(Data extracted from a collection)
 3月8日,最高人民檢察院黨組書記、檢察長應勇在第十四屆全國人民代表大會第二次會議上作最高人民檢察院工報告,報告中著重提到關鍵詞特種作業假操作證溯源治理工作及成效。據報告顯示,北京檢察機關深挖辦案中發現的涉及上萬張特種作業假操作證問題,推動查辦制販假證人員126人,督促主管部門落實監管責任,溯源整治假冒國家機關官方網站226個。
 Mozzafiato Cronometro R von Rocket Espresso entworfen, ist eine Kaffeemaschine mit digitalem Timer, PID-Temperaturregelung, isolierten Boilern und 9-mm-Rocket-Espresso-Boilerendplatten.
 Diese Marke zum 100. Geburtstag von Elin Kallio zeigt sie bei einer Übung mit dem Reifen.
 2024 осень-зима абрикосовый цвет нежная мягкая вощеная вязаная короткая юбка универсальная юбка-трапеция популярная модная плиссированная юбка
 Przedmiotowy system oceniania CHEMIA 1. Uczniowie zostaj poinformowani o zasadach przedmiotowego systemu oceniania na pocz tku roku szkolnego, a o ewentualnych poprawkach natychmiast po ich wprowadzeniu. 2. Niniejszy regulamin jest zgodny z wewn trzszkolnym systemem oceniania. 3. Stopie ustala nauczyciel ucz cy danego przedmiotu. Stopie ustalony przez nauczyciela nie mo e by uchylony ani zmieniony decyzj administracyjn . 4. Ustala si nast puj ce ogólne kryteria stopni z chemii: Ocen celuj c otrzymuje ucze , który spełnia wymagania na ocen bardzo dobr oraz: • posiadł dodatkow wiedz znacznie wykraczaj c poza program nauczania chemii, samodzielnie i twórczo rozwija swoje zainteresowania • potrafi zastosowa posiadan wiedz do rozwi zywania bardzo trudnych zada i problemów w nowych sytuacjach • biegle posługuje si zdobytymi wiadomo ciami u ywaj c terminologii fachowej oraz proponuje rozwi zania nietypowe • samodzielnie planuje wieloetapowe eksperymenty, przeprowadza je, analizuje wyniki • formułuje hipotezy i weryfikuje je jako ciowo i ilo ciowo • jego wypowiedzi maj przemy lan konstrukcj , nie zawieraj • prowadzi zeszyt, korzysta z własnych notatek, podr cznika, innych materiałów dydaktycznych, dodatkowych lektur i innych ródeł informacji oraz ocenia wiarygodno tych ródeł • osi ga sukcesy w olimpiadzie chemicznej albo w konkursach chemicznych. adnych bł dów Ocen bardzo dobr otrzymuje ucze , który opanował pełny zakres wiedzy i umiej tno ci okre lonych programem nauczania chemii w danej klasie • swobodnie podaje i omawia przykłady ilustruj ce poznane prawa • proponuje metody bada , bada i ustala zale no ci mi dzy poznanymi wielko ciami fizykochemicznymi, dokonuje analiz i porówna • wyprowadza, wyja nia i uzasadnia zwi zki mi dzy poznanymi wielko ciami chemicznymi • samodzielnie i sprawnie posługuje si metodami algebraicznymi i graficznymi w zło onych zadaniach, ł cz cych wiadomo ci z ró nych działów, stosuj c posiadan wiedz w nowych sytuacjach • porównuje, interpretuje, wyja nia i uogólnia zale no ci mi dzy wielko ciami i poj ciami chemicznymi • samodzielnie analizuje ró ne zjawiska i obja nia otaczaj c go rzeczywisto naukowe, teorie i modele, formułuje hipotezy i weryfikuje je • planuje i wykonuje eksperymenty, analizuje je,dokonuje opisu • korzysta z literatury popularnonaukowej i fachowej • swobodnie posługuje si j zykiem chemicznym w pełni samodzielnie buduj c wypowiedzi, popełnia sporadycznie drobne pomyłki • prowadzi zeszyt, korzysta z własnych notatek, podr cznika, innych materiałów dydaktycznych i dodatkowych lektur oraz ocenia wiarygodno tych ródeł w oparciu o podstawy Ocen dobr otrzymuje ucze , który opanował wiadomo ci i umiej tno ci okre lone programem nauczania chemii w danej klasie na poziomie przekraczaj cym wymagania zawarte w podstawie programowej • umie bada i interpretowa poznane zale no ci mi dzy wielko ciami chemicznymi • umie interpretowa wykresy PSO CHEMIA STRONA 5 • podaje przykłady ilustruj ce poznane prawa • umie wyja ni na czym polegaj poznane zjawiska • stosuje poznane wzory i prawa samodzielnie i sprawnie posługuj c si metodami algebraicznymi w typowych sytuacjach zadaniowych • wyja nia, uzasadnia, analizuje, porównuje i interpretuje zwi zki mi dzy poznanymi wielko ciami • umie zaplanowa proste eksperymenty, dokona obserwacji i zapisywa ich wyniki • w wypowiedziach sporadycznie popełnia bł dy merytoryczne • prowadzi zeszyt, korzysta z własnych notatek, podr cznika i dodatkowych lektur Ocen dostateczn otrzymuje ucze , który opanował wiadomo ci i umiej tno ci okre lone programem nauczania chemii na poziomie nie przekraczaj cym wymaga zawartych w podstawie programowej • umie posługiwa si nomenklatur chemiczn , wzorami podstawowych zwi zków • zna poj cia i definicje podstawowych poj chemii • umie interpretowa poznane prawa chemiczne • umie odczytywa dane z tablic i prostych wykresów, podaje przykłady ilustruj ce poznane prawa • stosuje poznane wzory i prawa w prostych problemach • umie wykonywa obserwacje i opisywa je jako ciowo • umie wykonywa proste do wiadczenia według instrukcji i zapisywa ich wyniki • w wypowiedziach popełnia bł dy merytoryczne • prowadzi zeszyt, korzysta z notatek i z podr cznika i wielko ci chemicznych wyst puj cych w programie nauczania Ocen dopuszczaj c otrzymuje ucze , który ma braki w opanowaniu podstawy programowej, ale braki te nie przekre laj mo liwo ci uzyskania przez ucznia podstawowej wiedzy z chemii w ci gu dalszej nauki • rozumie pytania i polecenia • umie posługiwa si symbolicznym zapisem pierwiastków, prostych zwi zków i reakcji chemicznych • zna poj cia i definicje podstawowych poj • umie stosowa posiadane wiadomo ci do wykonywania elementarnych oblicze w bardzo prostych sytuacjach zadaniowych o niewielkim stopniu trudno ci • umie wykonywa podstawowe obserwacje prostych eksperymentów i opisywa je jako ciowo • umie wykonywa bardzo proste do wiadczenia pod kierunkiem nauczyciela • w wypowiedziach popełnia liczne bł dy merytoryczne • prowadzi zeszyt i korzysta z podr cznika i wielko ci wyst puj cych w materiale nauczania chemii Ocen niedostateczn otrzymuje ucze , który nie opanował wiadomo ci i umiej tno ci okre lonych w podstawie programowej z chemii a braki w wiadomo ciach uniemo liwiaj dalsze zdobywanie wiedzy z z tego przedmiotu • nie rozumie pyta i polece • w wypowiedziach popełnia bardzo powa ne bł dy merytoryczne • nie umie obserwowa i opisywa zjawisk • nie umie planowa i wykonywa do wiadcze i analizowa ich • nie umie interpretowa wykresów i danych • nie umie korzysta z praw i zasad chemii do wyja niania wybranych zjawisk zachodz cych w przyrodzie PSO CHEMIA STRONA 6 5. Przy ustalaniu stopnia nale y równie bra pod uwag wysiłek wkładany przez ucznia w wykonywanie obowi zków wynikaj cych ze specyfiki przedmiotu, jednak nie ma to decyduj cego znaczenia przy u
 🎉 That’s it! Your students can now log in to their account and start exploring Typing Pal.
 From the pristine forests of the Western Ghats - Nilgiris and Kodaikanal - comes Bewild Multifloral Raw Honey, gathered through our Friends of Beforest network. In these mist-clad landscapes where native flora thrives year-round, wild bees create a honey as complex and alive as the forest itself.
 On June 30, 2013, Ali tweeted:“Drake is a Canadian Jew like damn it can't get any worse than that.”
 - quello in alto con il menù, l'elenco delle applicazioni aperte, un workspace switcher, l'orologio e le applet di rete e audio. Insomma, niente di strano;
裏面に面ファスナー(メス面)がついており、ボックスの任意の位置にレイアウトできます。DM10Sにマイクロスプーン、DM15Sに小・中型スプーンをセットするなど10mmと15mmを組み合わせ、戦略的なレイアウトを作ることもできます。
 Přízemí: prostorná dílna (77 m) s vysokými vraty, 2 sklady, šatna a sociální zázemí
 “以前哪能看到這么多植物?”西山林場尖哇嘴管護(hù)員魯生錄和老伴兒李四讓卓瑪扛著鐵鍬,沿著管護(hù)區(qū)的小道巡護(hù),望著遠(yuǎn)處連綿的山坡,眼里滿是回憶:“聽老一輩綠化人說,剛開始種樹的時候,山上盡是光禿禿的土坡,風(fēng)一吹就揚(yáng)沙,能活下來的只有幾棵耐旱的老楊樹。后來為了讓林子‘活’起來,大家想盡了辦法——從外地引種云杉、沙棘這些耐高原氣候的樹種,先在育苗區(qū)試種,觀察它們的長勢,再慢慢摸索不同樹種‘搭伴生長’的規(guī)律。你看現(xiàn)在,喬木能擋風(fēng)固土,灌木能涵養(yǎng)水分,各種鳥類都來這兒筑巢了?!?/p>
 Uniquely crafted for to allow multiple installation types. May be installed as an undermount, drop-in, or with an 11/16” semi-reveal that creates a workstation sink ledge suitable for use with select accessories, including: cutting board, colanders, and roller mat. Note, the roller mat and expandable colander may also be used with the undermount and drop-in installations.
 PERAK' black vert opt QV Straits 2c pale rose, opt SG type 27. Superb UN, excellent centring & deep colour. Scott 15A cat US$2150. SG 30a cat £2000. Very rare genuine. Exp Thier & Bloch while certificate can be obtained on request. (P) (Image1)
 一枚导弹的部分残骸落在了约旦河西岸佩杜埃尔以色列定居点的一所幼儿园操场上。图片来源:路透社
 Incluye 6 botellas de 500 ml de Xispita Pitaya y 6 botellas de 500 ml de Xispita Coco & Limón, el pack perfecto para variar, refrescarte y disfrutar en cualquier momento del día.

> _Task to complete_: Write out the records exactly, starting at the first line and stopping after the line that contains "Mozzafiato Cronometro R".

> _Exercise result_:
 3月8日,最高人民檢察院黨組書記、檢察長應勇在第十四屆全國人民代表大會第二次會議上作最高人民檢察院工報告,報告中著重提到關鍵詞特種作業假操作證溯源治理工作及成效。據報告顯示,北京檢察機關深挖辦案中發現的涉及上萬張特種作業假操作證問題,推動查辦制販假證人員126人,督促主管部門落實監管責任,溯源整治假冒國家機關官方網站226個。
 Mozzafiato Cronometro R von Rocket Espresso entworfen, ist eine Kaffeemaschine mit digitalem Timer, PID-Temperaturregelung, isolierten Boilern und 9-mm-Rocket-Espresso-Boilerendplatten.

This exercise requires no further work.